Pendant la maladie, il n’est pas non plus rare, même s’il ne s’agit pas de la majorité des femmes, que certaines prennent un amant, envoient tout balader. Il y a alors une vraie fureur de vivre qu’on peut comprendre assez aisément par réaction à la maladie. Une femme pourtant bien dans son cadre familial peut être amenée à se poser plein de questions sur sa vie d’avant, à voir son cancer comme une sanction de sa vie passée avec une volonté de redistribuer les cartes. Mais expliquer la maladie comme cela peut être un peu réducteur.

Comment se réconcilier avec un corps qui nous fait souffrir ? Comment l’aimer à nouveau ?

Il faut justement lutter contre cette tendance spontanée à comparer avec le passé. Cela n’est pas facile, mais l’enjeu est vraiment de sortir de l’avant pour se consacrer au maintenant et à demain.

La sexualité, c’est une envie de vivre

Pour une personne malade, quelle est l’importance du toucher ?

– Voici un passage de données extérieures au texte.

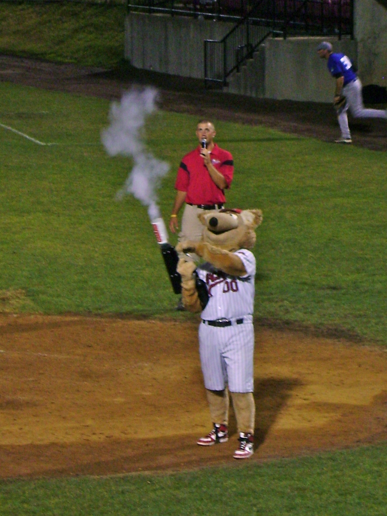 Jack the Jackal in action

Aujourd’hui, on investit le corps de la patiente pas seulement d’un point de vue médical. On retrouve de plus en plus de socio-esthéticiennes dans les centres de cancérologie. Avoir un joli teint, être bien maquillée, tout cela mène plus facilement à la sexualité. Les aide-soignants prennent aussi du temps pour masser et détendre le corps, pour lui faire plaisir alors qu’il est en souffrance.

Conserver une vie sexuelle pendant cette période, en quoi est-ce important ?

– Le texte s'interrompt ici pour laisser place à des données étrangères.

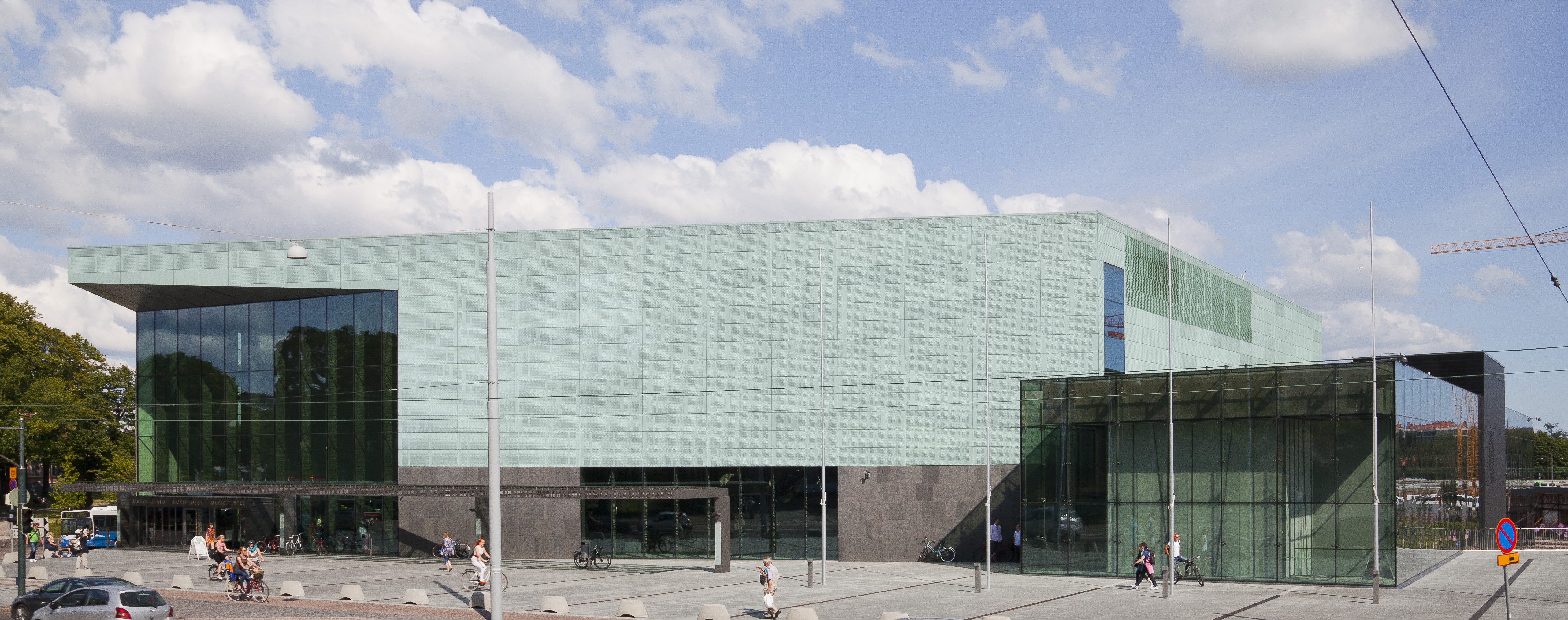 Helsinki Music Center, Helsinki, Finnland

La sexualité, c’est une envie de vivre. C’est pour cela qu’elle a pleinement sa place dans ce contexte là. Néanmoins, ce n’est pas non plus que parce qu’une femme n’a pas envie de faire l’amour pendant quelques temps qu’elle est malheureuse. Il n’y a pas de normes, pas d’injonctions. Certaines le disent clairement : elles ne sont pas déprimées mais n’éprouvent pas de désir et ne veulent pas que leur vie sexuelle devienne une corvée.

Il existe aussi 1001 façons d’avoir une sexualité…

Exactement. Il n’y a pas que la pénétration. On peut simplement se prendre dans les bras. Etre bien ensemble, se parler, c’est créer une forme d’intimité dans la relation.

Retrouvez la liste de tous les psychiatres et psycho-oncologues de votre ville ou de votre quartier sur www.conseil-national.medecin.fr

A SAVOIR

On estime qu’une femme sur huit risque de développer un cancer du sein au cours de sa vie. Dans neuf cas sur dix, la patiente est guérie. Des chances de guérison d’autant plus grandes que la maladie est dépistée tôt.